[EXERCISE BRIEF] Without the pictures, retype exactly the lines from the top of the entries below through the line that contains "Les vidéos sont".

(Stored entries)
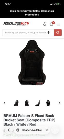 BRAUM Falcon-S Fixed Back Bucket Seats [Composite FRP] Black / White / Red$750Apple Valley, CA
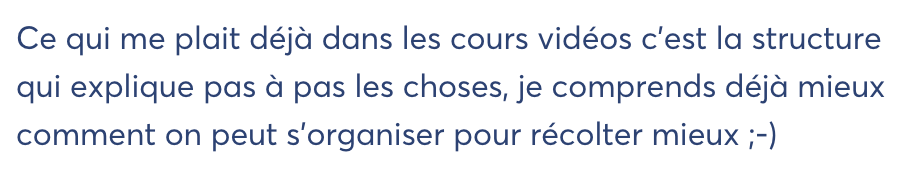 Les vidéos sont conçues dans ce sens. Elles durent maximum 30 minutes, sont accompagnées d’un workbook (avec tableaux, notes, questions, pistes de réflexion…), pour bien adapter les concepts à VOTRE potager et mode de vie.
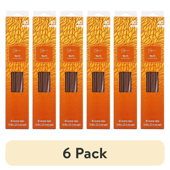 Enjoy the deep, aromatic scent of Mainstays Myrrh Fragrance Incense Sticks with this convenient 6-pack bundle. Each box contains 40 incense sticks in a soothing orange color, totaling 240 sticks that bring warmth and calm to any space.
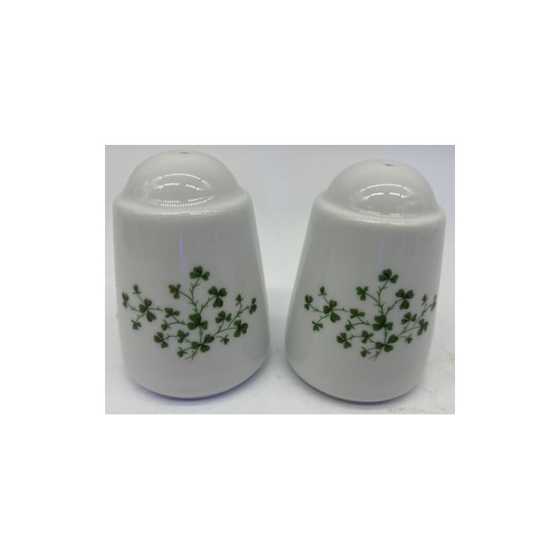 - Salt & Pepper Shaker Set Tapered - White Porcelain w/ St Patricks Day Shamrocks
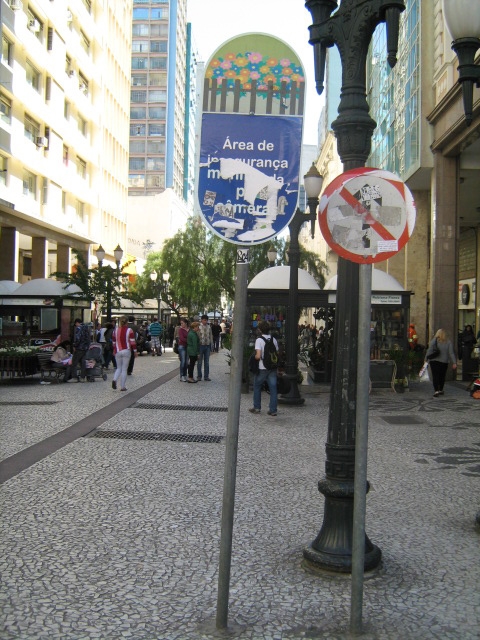 Daria para oferecer um doce a cada pessoa que conseguir ler rapidamente o que está escrito nessa placa que fica na esquina dos calçadões do XV e Monsenhor Celso. Olhando com mais atenção dá para ver o letreiro "Área de segurança monitorada por câmeras", mas vários papéis colados sobre a placa impedem uma leitura mais precisa. São folhetos principalmente com anúncios de vagas de empregos, que jamais deveriam estar ali.
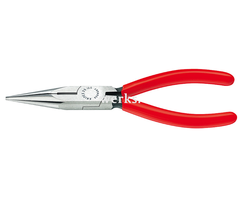 Плоские круглогубцы Knipex KN-2501160, длиной 160 мм, предназначенные для профессионального использования, оснащены режущими кромками и имеют захватные поверхности с насечками.
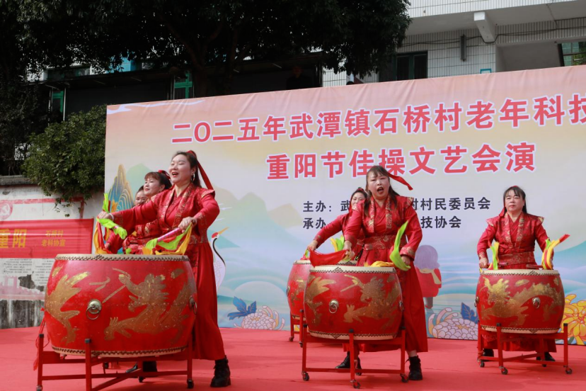 近日,武潭镇石桥村举办重阳节佳操文艺汇演活动。该活动汇聚了来自邻近区县共23支佳操队、文艺队及老年舞蹈队的600余名老年文艺爱好者。他们通过形式多样的佳操表演和富有地方特色的文艺节目,展现出新时代老年人健康向上的精神风貌。
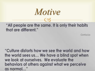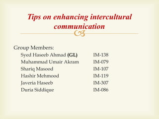 The document discusses tips for improving intercultural communication. It lists the group members and defines communication and intercultural communication. It then discusses aspects of non-verbal communication, culture, values, adaptability, stereotypes, and managing cultural shocks. The key recommendations are to learn about other cultures, be flexible and understanding of differences, share culture respectfully, avoid assumptions, and handle cultural shocks by masking reactions and discussing issues respectfully later.

[THE ANSWER]
 BRAUM Falcon-S Fixed Back Bucket Seats [Composite FRP] Black / White / Red$750Apple Valley, CA
 Les vidéos sont conçues dans ce sens. Elles durent maximum 30 minutes, sont accompagnées d’un workbook (avec tableaux, notes, questions, pistes de réflexion…), pour bien adapter les concepts à VOTRE potager et mode de vie.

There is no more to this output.